More Last-Minute Ugly

Breitbart reported yesterday that bureaucrats in the State Department brought in 500 refugees the day before President Trump was to order a temporary ban on refugees from certain countries.

The article quotes a Reuters article:

The temporary ban on refugees will be one of several executive orders on immigration President Trump will sign on Wednesday, Reuters reports. “Another order will block visas being issued to anyone from Syria, Iraq, Iran, Libya, Somalia, Sudan and Yemen, said the aides and experts, who asked not to be identified.”

Two hundred and twenty-six  of the 500 refugees resettled in the United States on Tuesday, or 44 percent, came from six of those seven countries, according to the State Department’s interactive website, as reported at 11:00 p.m. eastern on Tuesday: Syria (81), Iran (51), Iraq (46), Somalia (43), Sudan (4), and Yemen (1). No refugees from Libya were resettled in the United States on Tuesday.

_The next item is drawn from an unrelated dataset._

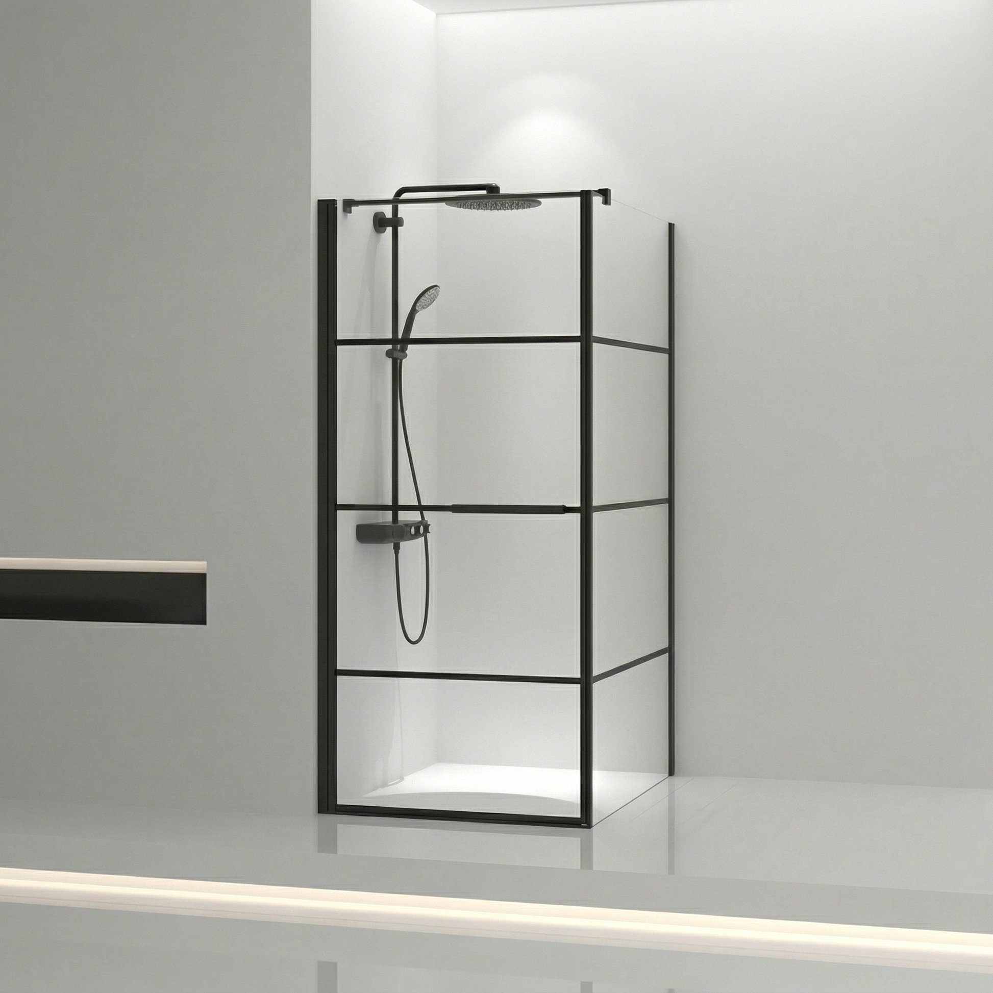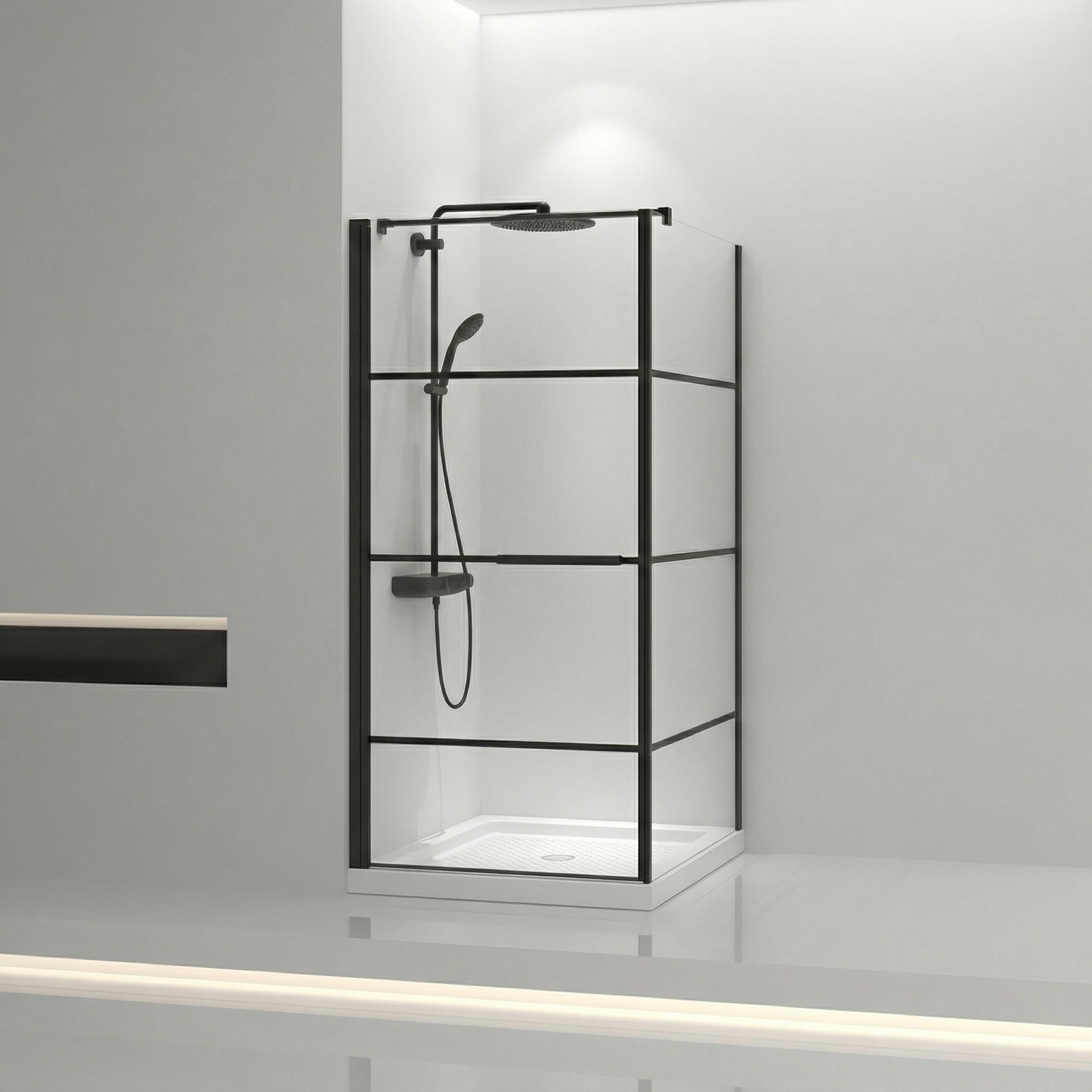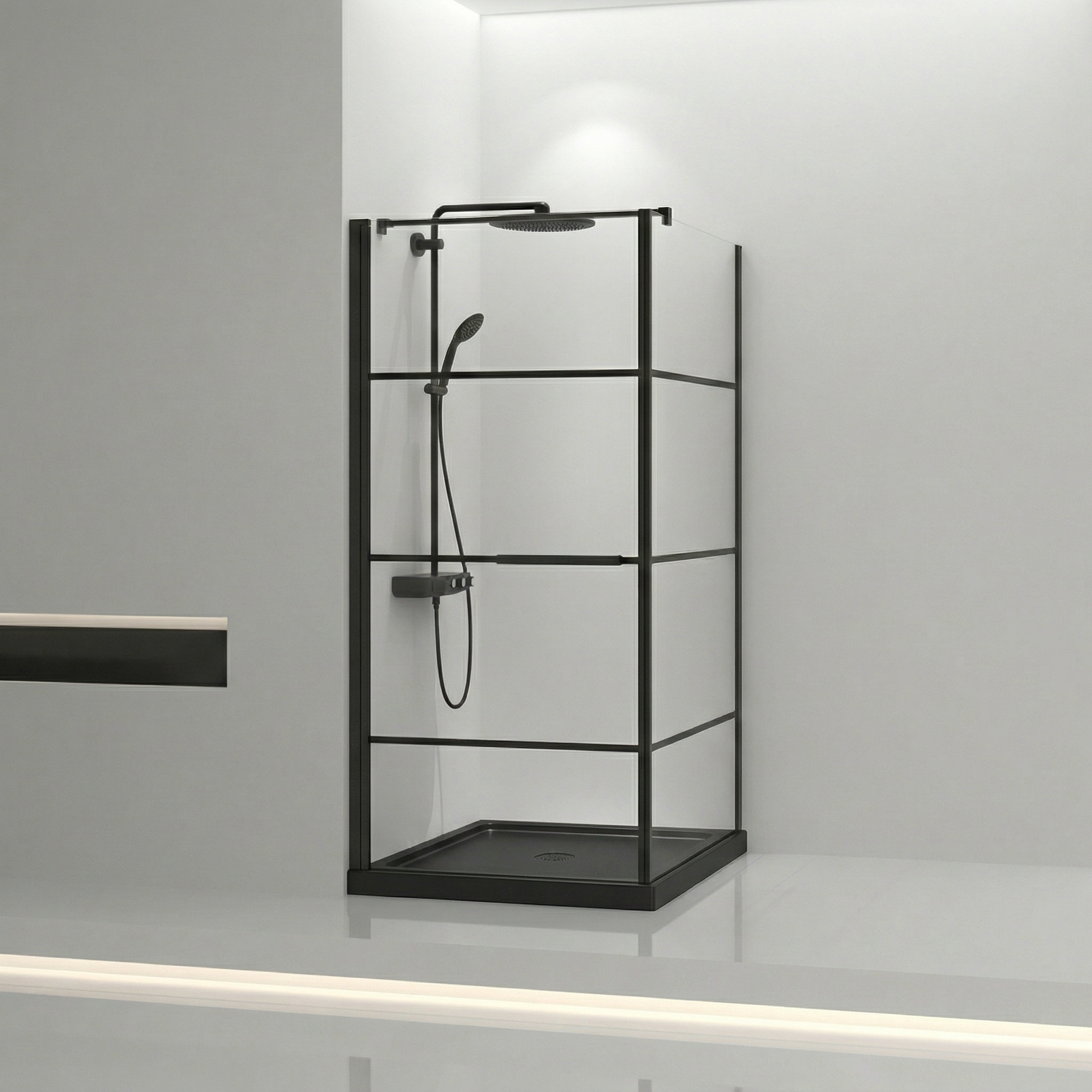 La cabine de douche Tina Collection 36po x 36po apporte ce style industriel-moderne tant recherché dans les salles de bain montréalaises. Les lignes horizontales noir mat contrastent avec le verre trempé transparent de 8mm pour créer une présence architecturale saisissante.

From the beginning of FY 2016 on October 1, 2015 until January 24, 2017, a total of 115,879 refugees have been resettled in the United States, according to the State Department’s interactive website.

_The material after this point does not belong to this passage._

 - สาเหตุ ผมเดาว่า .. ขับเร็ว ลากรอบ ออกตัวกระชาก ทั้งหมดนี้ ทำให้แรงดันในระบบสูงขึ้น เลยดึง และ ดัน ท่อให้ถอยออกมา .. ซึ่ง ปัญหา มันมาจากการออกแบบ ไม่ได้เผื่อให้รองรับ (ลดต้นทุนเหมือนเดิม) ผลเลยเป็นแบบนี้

Fifty-two thousand and sixty-nine of those refugees, or 45 percent, came from those seven countries: Syria (17,341), Iraq (14,613), Somalia (12,914), Iran (5,278), Sudan (1,887), Yemen (32), and Libya (4).

I need to point out a few things about this temporary ban. It does not ban those religious minorities escaping persecution. They are an exception. The ban will be in place until more aggressive vetting is possible.

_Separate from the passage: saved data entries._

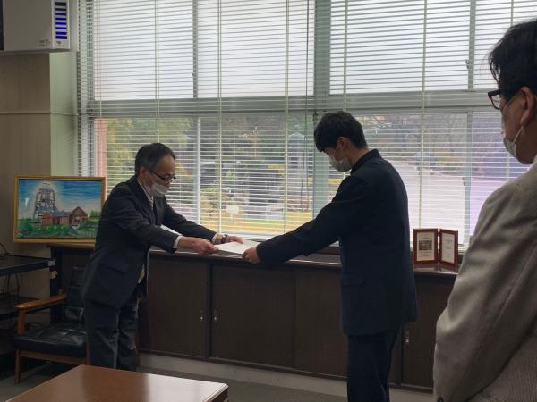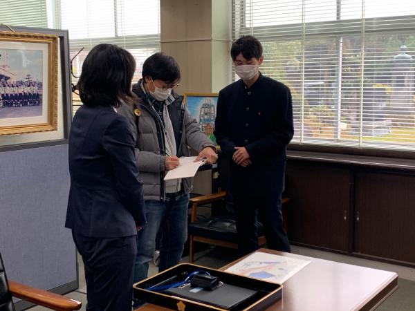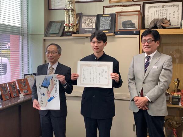 第16回IPA「ひろげよう情報モラル・セキュリティコンクール」2020ポスター部門で本校の総合学科3年マルチメディア系列の平原秀人くんが優秀賞に輝きました。12月24日(木)に福岡県警察本部サイバー犯罪対策課・(公社)福岡県防犯協会連合会様より表彰をしていただきました。
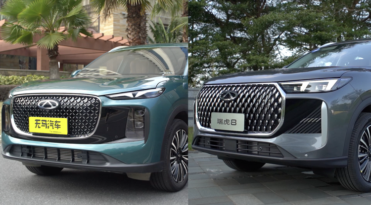 只是,光做到这种程度还不够,要知道,这是个光车身配色都得在上市发布会讲几页PPT的时代,消费者的个性化需求还是要满足一下的,为此,第五代瑞虎8推出了虎踞和豹跃两种前脸造型,两者最大的差异就是中网填充的格栅不同,虎款用了齿锋点阵格栅,豹款用了齿刃点阵格栅,就我个人而言,虎款更显霸气,豹款更偏精致,如何做选择就看你更中意哪款前脸了,它们其它的外观设计基本没差异。
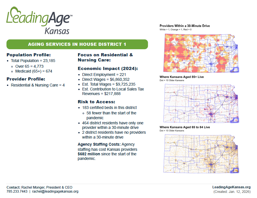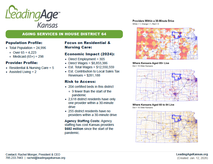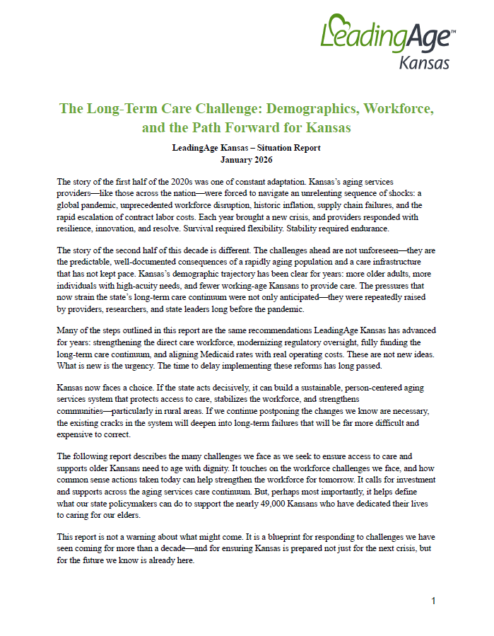 LeadingAge Kansas is dedicated to identifying strengths and needs for the full continuum of aging services in Kansas. We utilize the information gleaned from these reports to help formulate our legislative priorities each session. Learn more about the growing population of seniors, declining workforce, and policies impacting aging services by downloading our reports below.
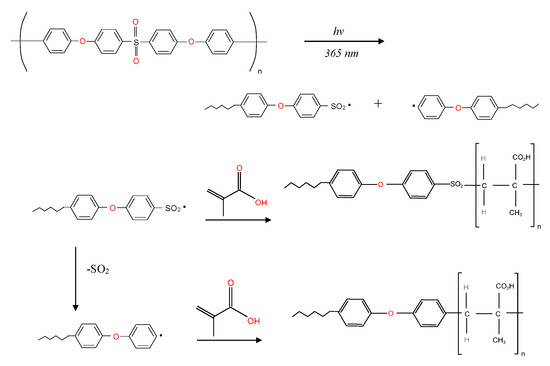 UV−photochemical grafting modification of polyether(sulfone) with methacrylic acid.
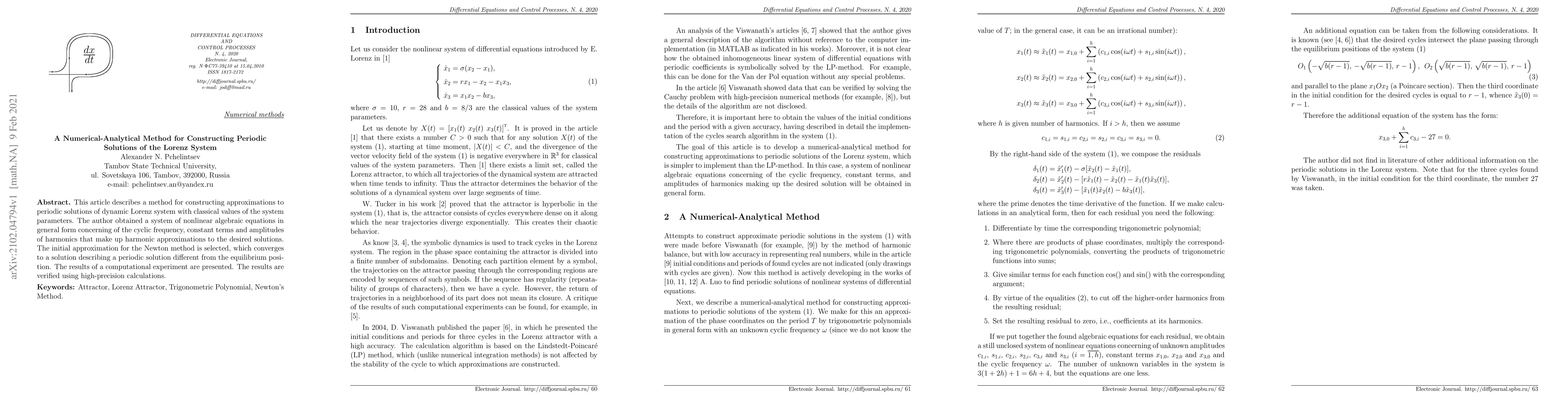 This paper presents a numerical-analytical method for approximating periodic solutions of the Lorenz system, deriving a system of nonlinear algebraic equations and applying the Newton method to find a non-equilibrium periodic solution, with results verified through high-precision computations.
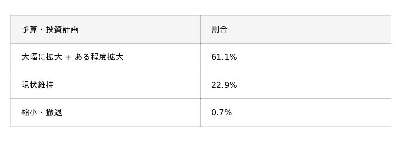 調査結果からは、61%が予算拡大を見込む追い風の中でも、セキュリティやガイドライン整備といった課題を着実に解決する必要性が示されました。
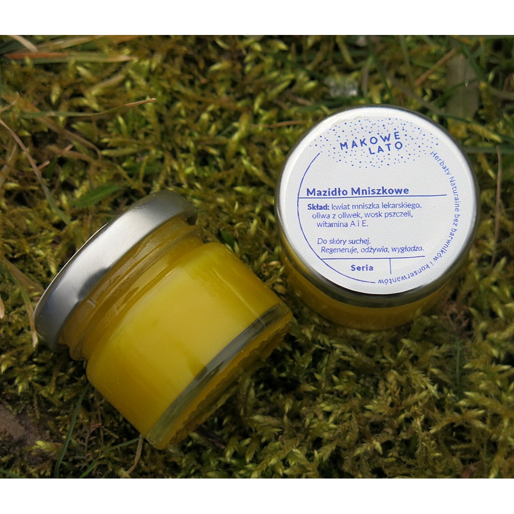 Naturalne mazidełko z mniszka lekarskiego o wielu zastosowaniach – nawilża, odżywia, łagodzi podrażnienia, wygładza i zmiękcza skórę oraz łagodzi podrażnienia. Działa też przeciwzapalnie. Można stosować na podrażnioną czy wysuszoną skórę.

It is also noteworthy that the group most at risk in the Middle East and Africa right now is Christians. Unfortunately, a very small number of the refugees that have been brought to America are Christians. Christians would fit into the American culture much more easily than Muslims. It makes much more sense to set up a Muslim safe zone somewhere in the Middle East to encourage people to got back to their countries when the danger is past. If the danger does not pass, we need to ask ourselves what is wrong and how to fix it.

The city where I live had a very unfortunate experience with legal refugees a few years ago. In 2015, a Burmese refugee killed three children ages 1, 5, and 12, with a machete. We need to be very careful about who we let into the country. I don’t know if better vetting could have prevented this tragedy, but I do know that I would hate to see more incidents like this one.